Step inside the main reception area and the promises just get bigger.

Inside Mercedes-Benz World
Staff, well-dressed and alert, are everywhere. Today, the mid-point of the February half-term, they are surrounded by a swirl of children, parents, grand-parents and car enthusiasts. It could be a nightmare – it isn’t. It’s a masterclass in well-organised family entertainment.
The age range in the half-term crowd is extreme – tots to the tottering – and yet every age group seems relaxed. There’s no apparent herding or containment, and no rush for prime spots. The mood is calm beneath the high central ceiling balanced on its outer walls of glass.
There is light and space, and it works to ease the stress.

Inside Mercedes-Benz World
Star of the day is, of course, Mercedes-Benz with its history and prestigious machines displayed in different areas of the huge space. In amongst the cars are a shop, cafes, seating, simulators, hands-on-displays, information desks, studios showing film … and always the wide-open view out over the track where cars skid and race.

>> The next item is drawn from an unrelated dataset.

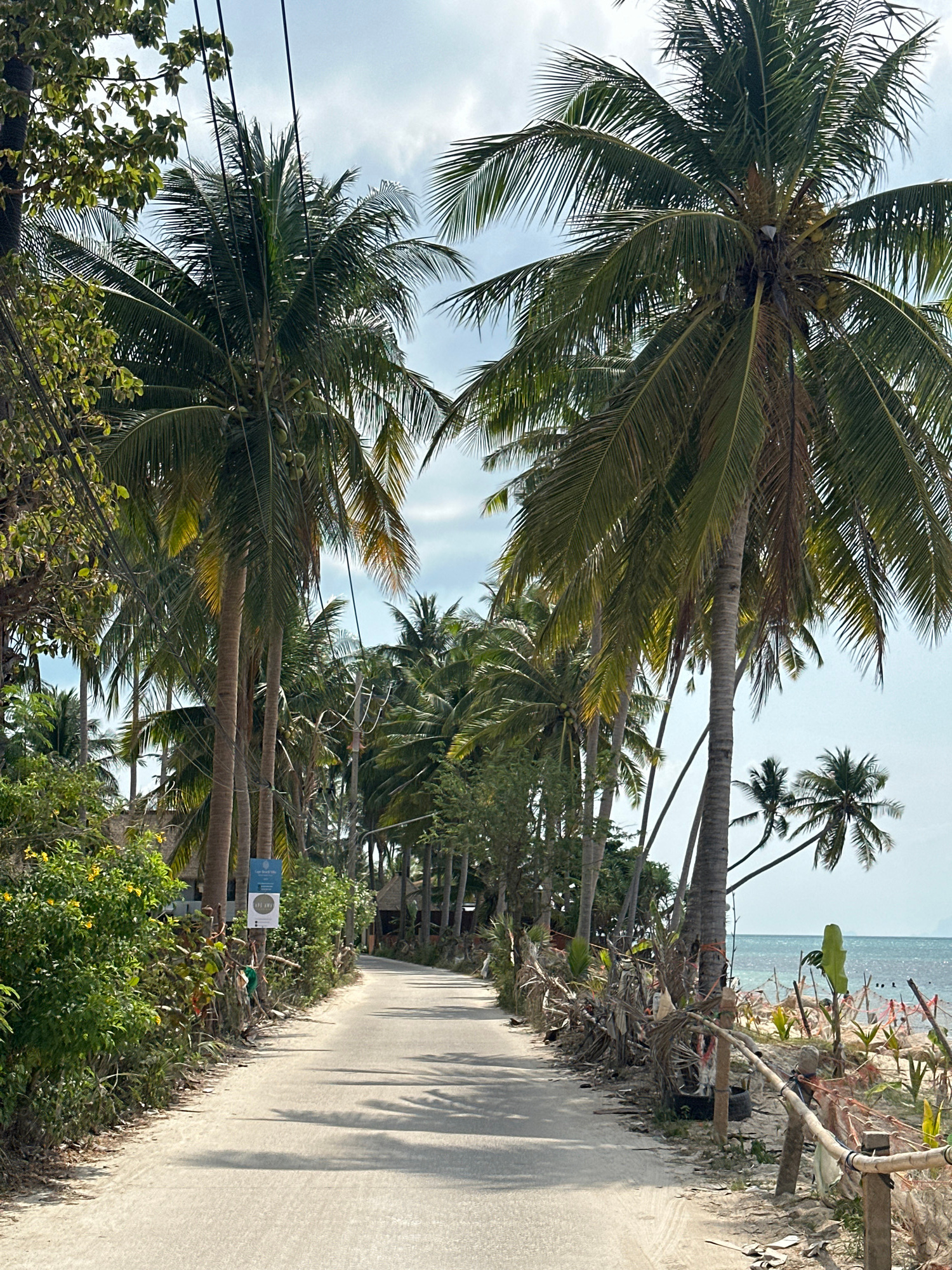 The image displays a sun-drenched, narrow concrete pathway winding through a tropical coastal setting. The path is bordered on both sides by abundant, lush green vegetation, dominated by numerous tall…read more

Inside Mercedes-Benz World
‘The Best or Nothing‘ is the most prominent message in the building, exemplified by the customer service. Perhaps nothing surprising in that, it is a Mercedes-Benz showroom after all … the surprise is that there is no charge for entrance.
Mercedes-Benz World, if you can resist the coffee and cakes and do without the adrenalin rush of a couple of high-speed pirouettes on the track, is free.
Families of sticky fingers are welcomed. Highly polished metal is within reach at every turn. Historic cars, expensive cars (the embarrassing side of £200,000), sleek and impossible cars gleam on every floor. They do have their minders but there is little that is fenced off.
I have two teenage boys with me who each enjoy a ten minute ‘hot lap‘ and ‘mud lap‘ that cost £15 per head. Both are outdoors. The ‘hot lap‘ car ride spins them on tarmac, then does zero-to-fast in a stomach flip, whilst the ‘mud lap‘ equivalent bounds them up steep slopes before it eases them down.
The boys, one a Thorpe Park veteran, come back shaken and stirred. Perfect.
My verdict: Mercedes-Benz World is well worth a visit. Take your engineers, your teenagers, your learner drivers, your toddlers, and if you need to live closer to the edge, take a turn on the track. If it all takes less time than you bargained for there’s Brooklands Museum next door.
Mercedes-Benz World is open 10am -6pm seven days a week with more than normal on over half-terms and holidays.